= Ann-Sofie Sandberg =

Swedish food scientist

Ann-Sofie Sandberg (born in 1951) is a Swedish food scientist. She is a professor in Food and Nutritional Science at Chalmers University of Technology. Sandberg research involves the bioavailability of nutrients and bioactive components in food, and understanding how to improve nutritional value in food. She was awarded the Gustaf Dalén Medal for outstanding scientific contributions in the field of food.

== Biography ==
Sandberg received her PhD in 1982 at the University of Gothenburg. Her dissertation was on the 'Effects of Dietary Fibers on Ileostomy Patients'. Sandberg is the head of the food sciences department at Chalmers University of Technology, and is chair of the faculty, serving on the Chalmers board.

In 2010, she was elected into the Royal Swedish Academy of Engineering Sciences. She was awarded an honorary doctorate degree in 2013 at the Sahlgrenska Academy for strengthening the connections between medical and technological research in Gothenburg.

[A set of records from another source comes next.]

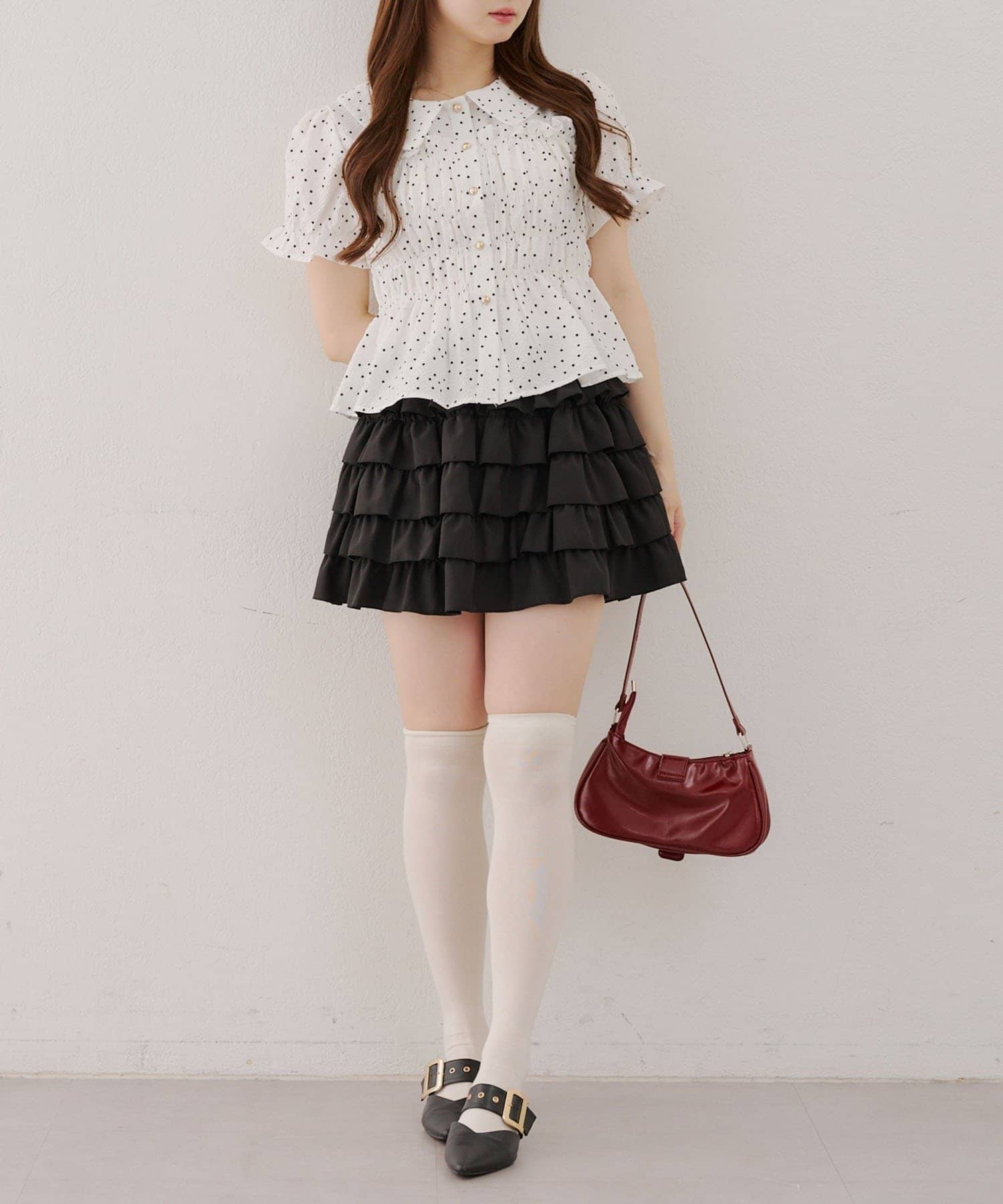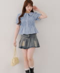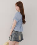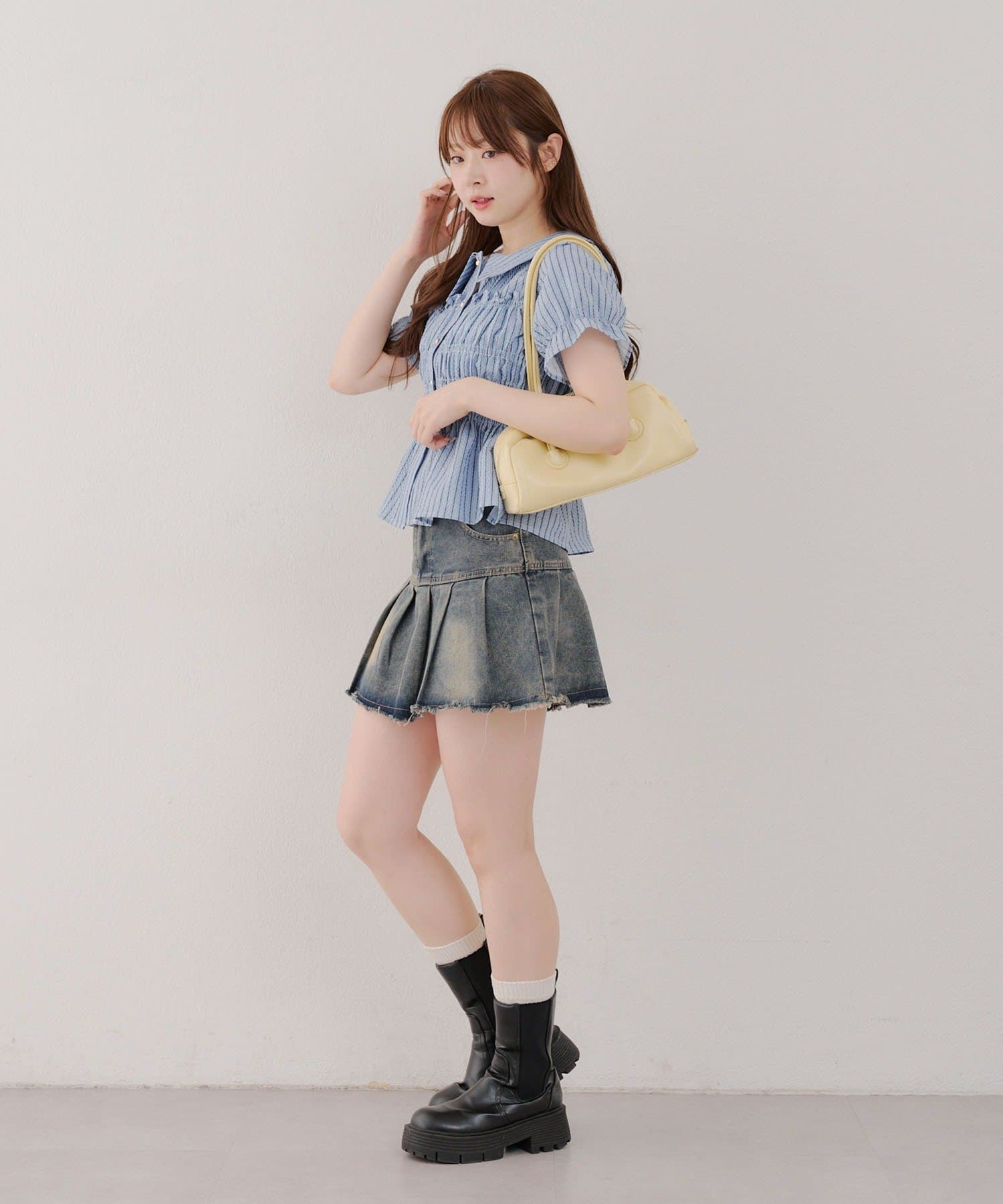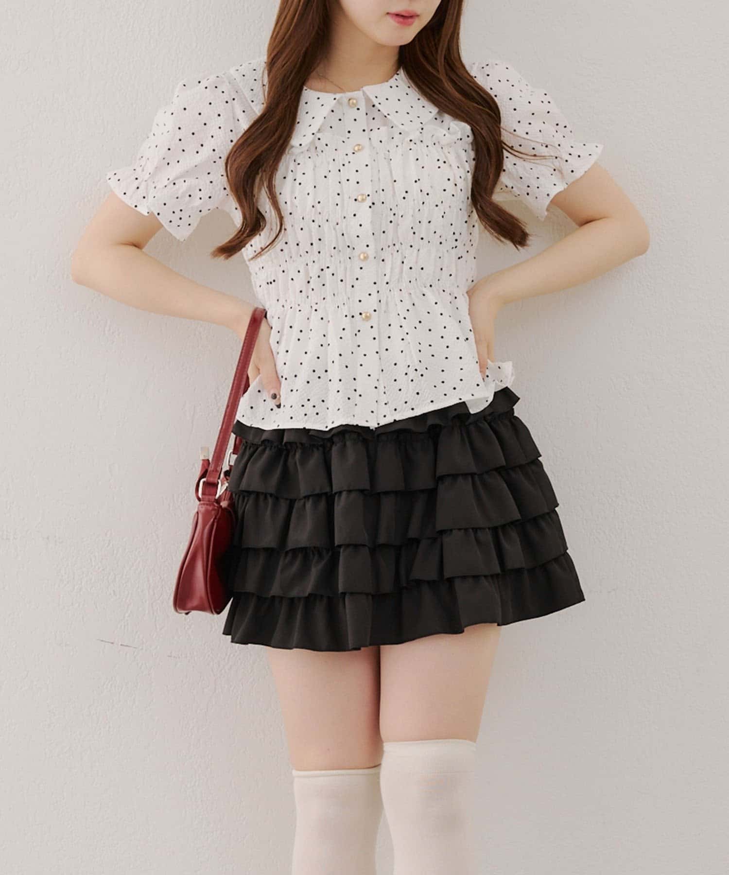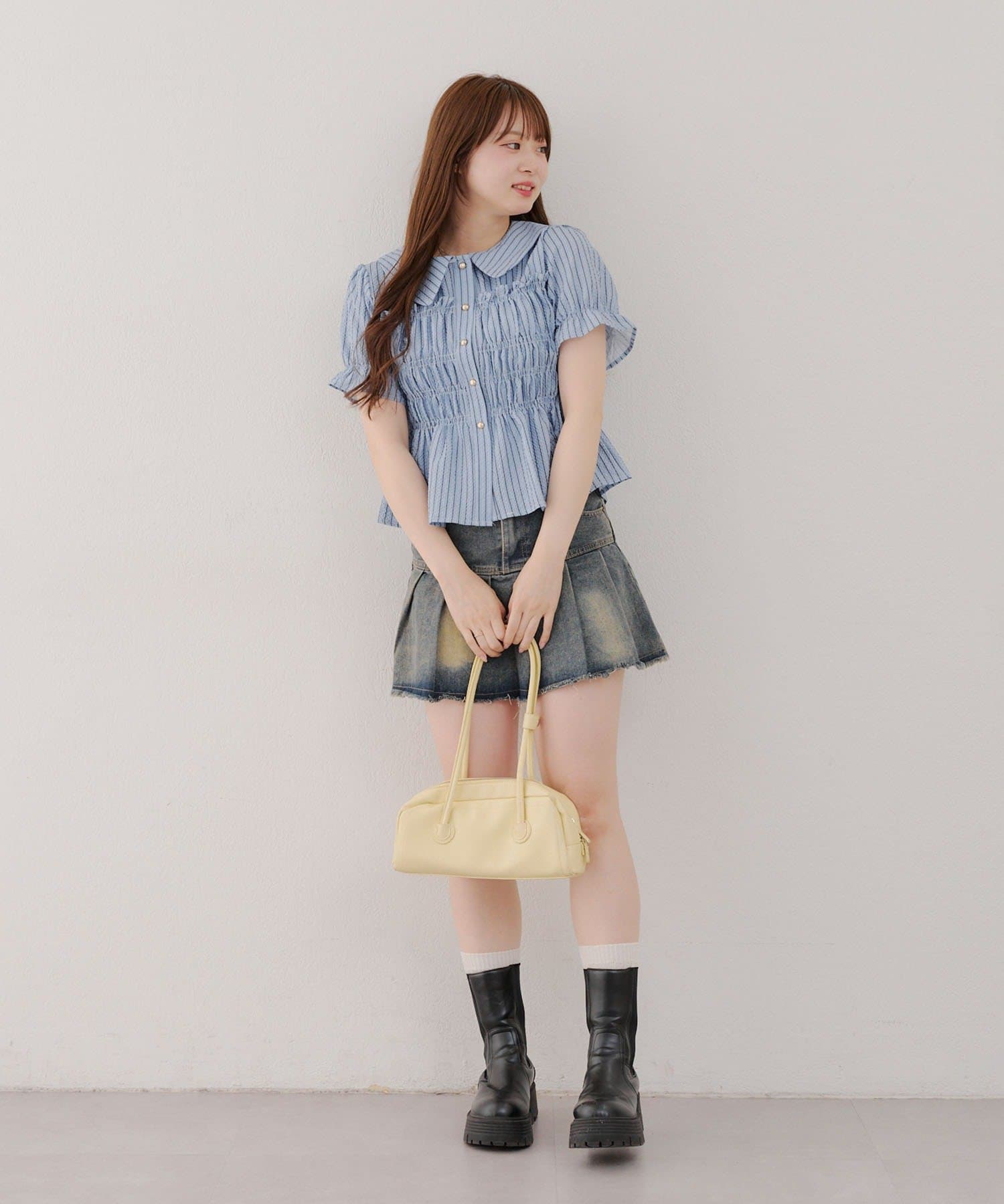 トレンド韓国ガーリーコーデに♪シャーリング衿付ブラウス
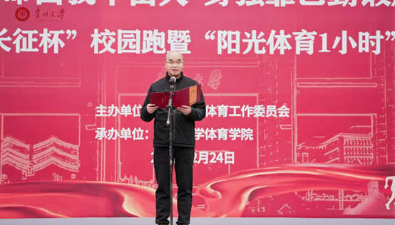 活动主会场设于西二区田径场,校领导、各职能部门负责人、各学院负责人及学生代表共同参与。副校长吴攀在致辞中强调:“我们要以科学运动强基,让体育重构成长逻辑。我们以‘长征杯’为名奔跑,就是用脚步去追寻那份红色记忆。”随后,优秀学生代表唐烽钦宣读《阳光体育倡议书》,号召全体学生坚持每日锻炼。世界体操冠军邓书弟作为领誓人,带领全场师生庄严宣誓,将活动推向高潮。
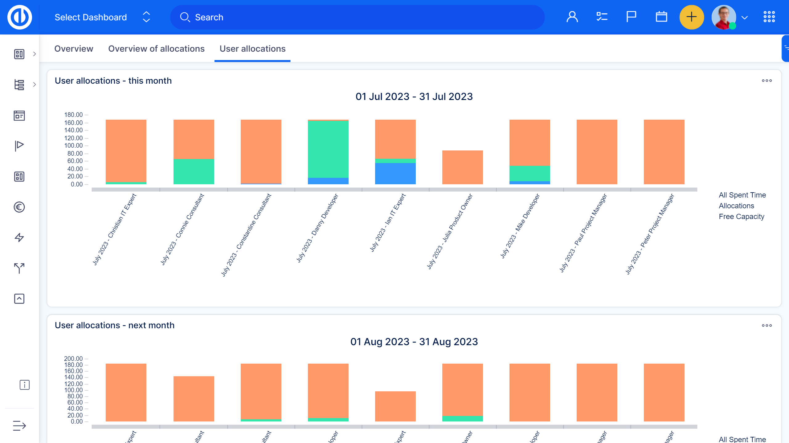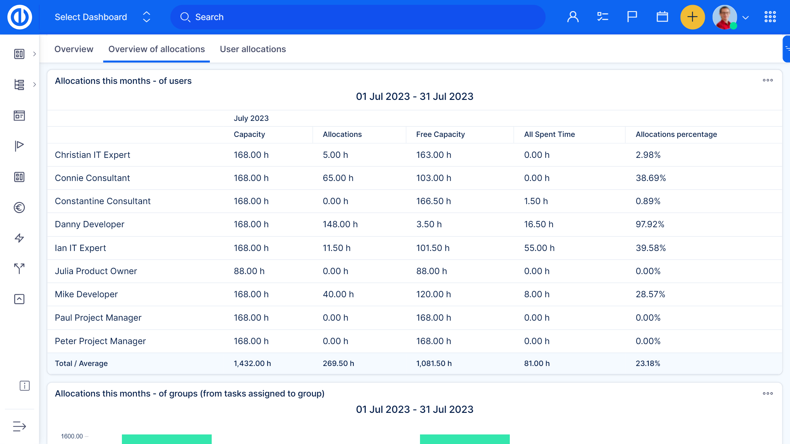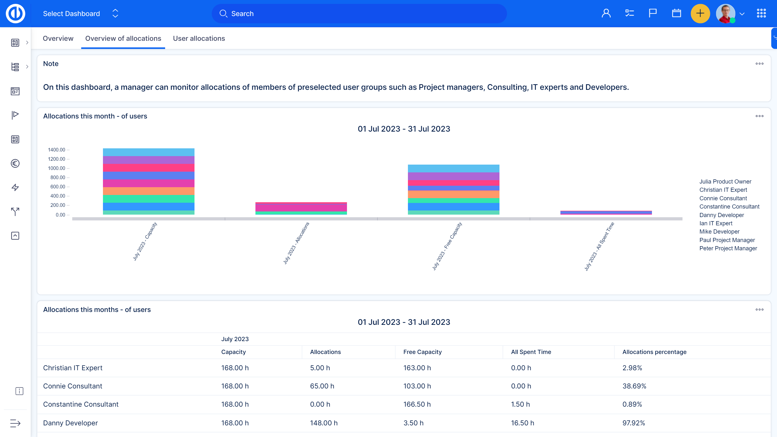 - Диаграмма загрузки пользователей по количеству отведённых часов

In 2014 Sandberg was awarded the Gustaf Dalén Medal for "outstanding scientific contributions in the field of food, which have successfully contributed to strengthening Chalmers' brand as a university and as an internationally prominent research environment". She has been awarded an honorary doctorate from the Sahlgrenska Academy.

== Work ==

Sandberg research involves the bioavailability of nutrients and bioactive components in food, and understanding how to improve nutritional value in food. Her research involves developing analysis techniques, and she has investigated the health effects of fish in the diet.

Sandberg has co-authored more than 300 publications within her research area.

== Awards ==

- 2014 : Chalmers Gustaf Dalén Memorial Medal for "prominent academic contributions in food science".